Material provided.
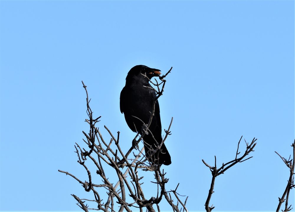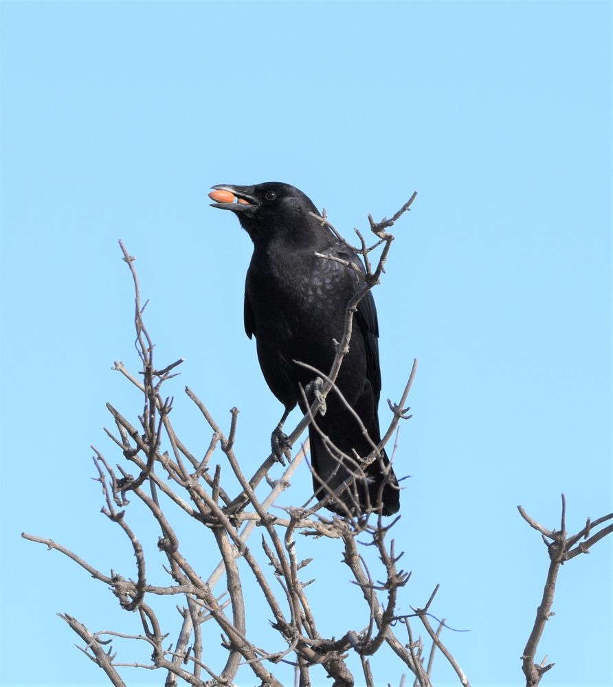 乌鸦黑不溜秋,绝对不是打鸟人的目标,我也不例外。偶尔打一个,却有意外发现。打鸟的湖边没有什么橡树,这只乌鸦,口里含着两棵橡树果子,不知是冬贮还是要带回家喂宝宝。不知还要含了多久?家在什么地方?
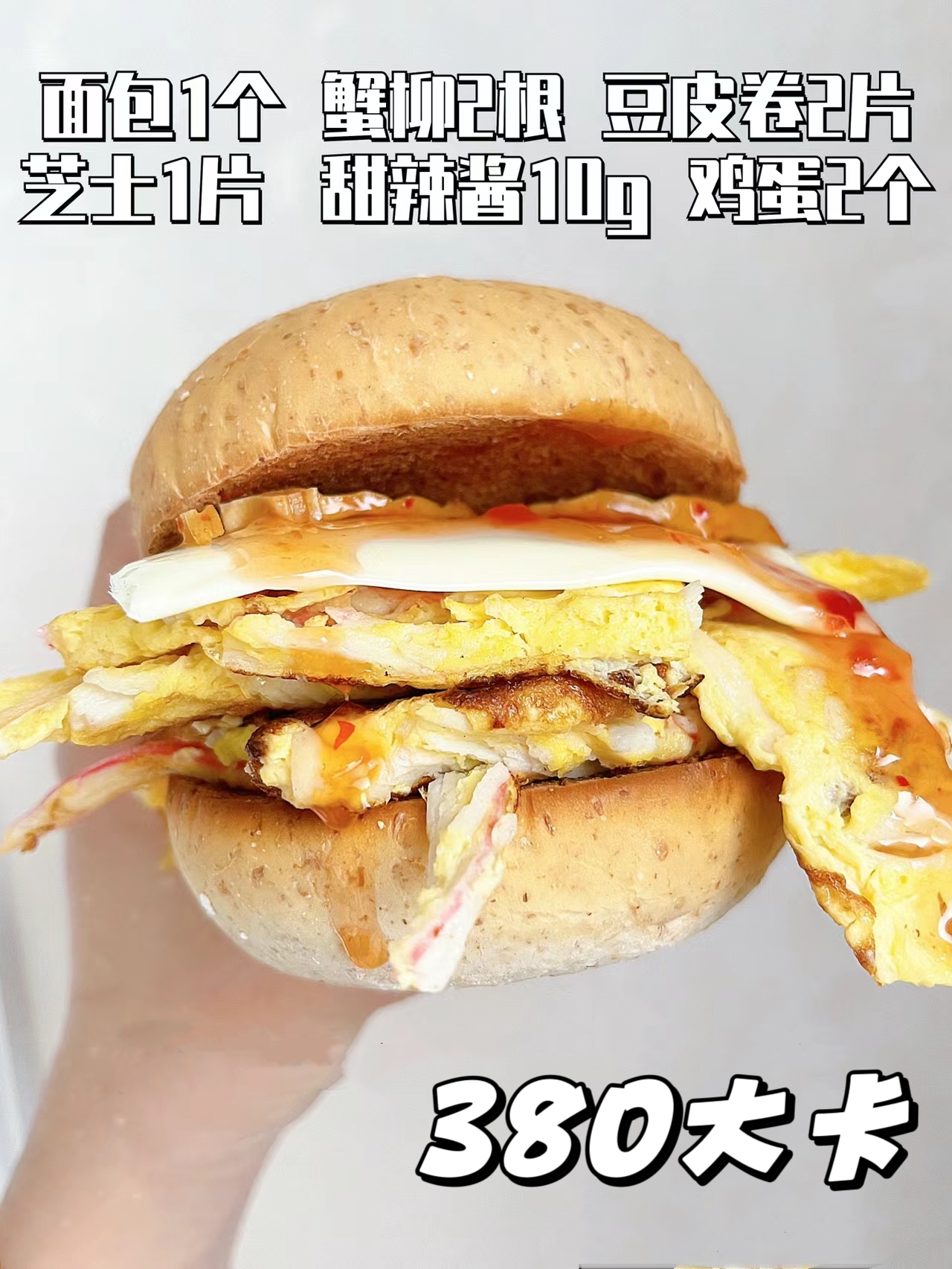 🥥食材:全麦面包➕蟹柳➕鸡蛋➕芝士片➕牛奶➕甜辣酱➕豆皮卷(可不加)
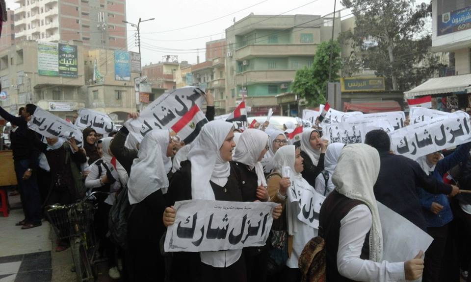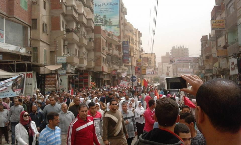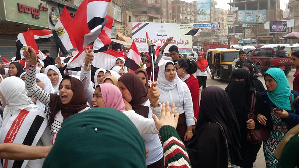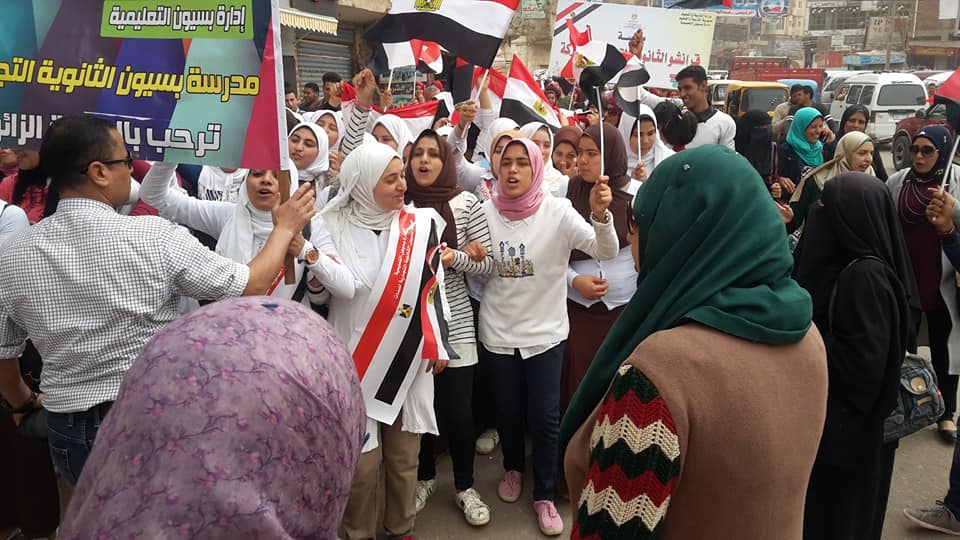 خرجت المسيرة يتقدمها الدكتورة سهام رزق مدير إدارة بسيون التعليمة، ومئات المعلمين والطلبة من جميع المدارس الحكومية والخاصة والعاملين بالادارة التعليمية ، حاملين الإعلام المصرية، وصور الرئيس ولافتات مكتوب عليها ” انزل شارك”” مصر بلدنا”” تحيا مصر”
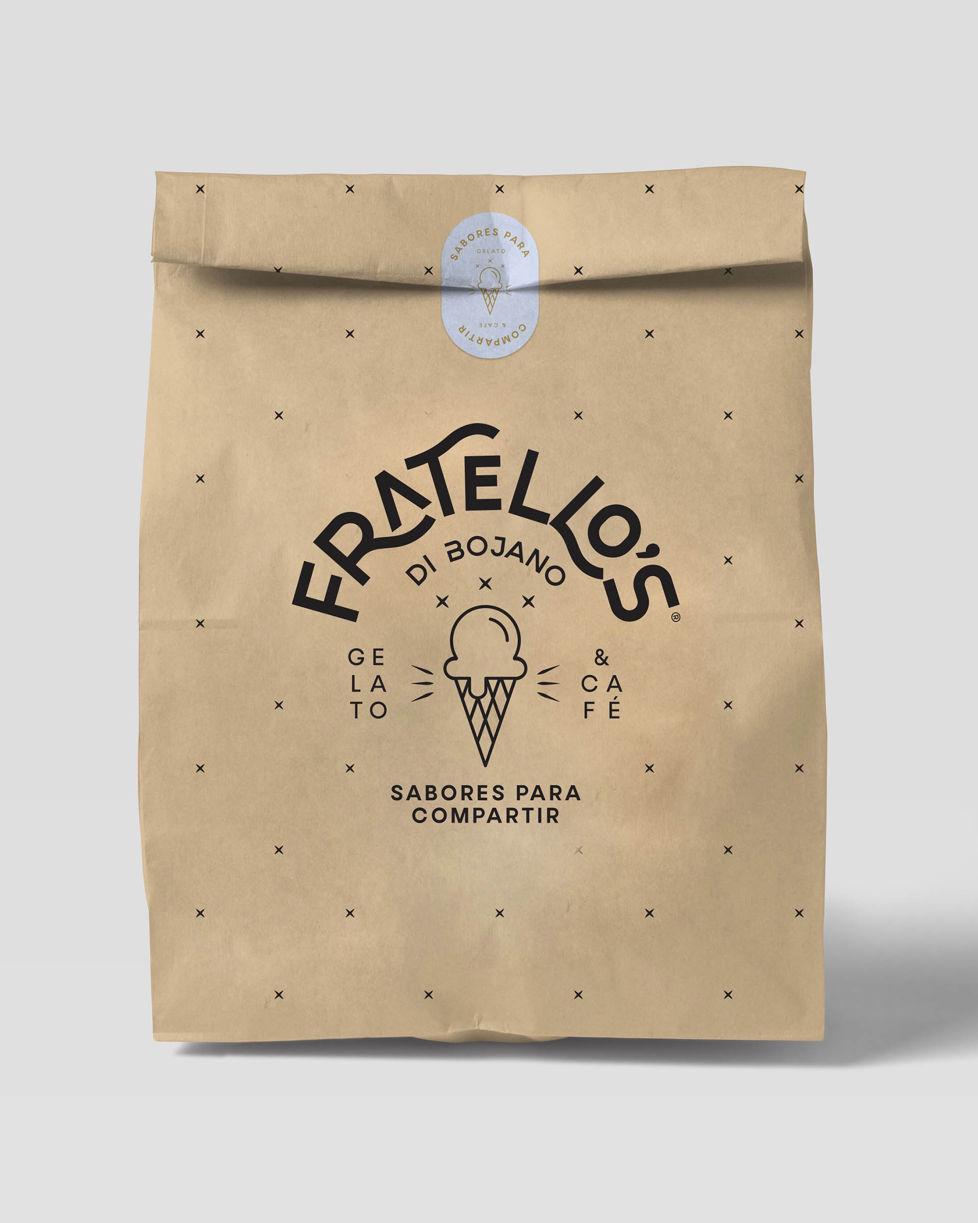 We developed the graphic identity for Fratello’s Di Bojano, a restaurant located in Villa Ballester, Buenos Aires, Argentina. Specializing in handmade ice cream and coffee, they offer healthy and natural products, designed for those who value authentic flavor and personal care.
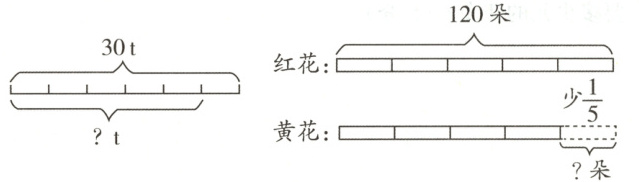 $30\times(1 - \frac{1}{5}) = 24$(t);$120\times(1 - \frac{1}{5}) = 96$(朵)

Aim of the exercise.
Transcribe, from the records above, the first line and every line after it up to and including the line with "We developed the"; omit pictures.

Expected output.
 乌鸦黑不溜秋,绝对不是打鸟人的目标,我也不例外。偶尔打一个,却有意外发现。打鸟的湖边没有什么橡树,这只乌鸦,口里含着两棵橡树果子,不知是冬贮还是要带回家喂宝宝。不知还要含了多久?家在什么地方?
 🥥食材:全麦面包➕蟹柳➕鸡蛋➕芝士片➕牛奶➕甜辣酱➕豆皮卷(可不加)
 خرجت المسيرة يتقدمها الدكتورة سهام رزق مدير إدارة بسيون التعليمة، ومئات المعلمين والطلبة من جميع المدارس الحكومية والخاصة والعاملين بالادارة التعليمية ، حاملين الإعلام المصرية، وصور الرئيس ولافتات مكتوب عليها ” انزل شارك”” مصر بلدنا”” تحيا مصر”
 We developed the graphic identity for Fratello’s Di Bojano, a restaurant located in Villa Ballester, Buenos Aires, Argentina. Specializing in handmade ice cream and coffee, they offer healthy and natural products, designed for those who value authentic flavor and personal care.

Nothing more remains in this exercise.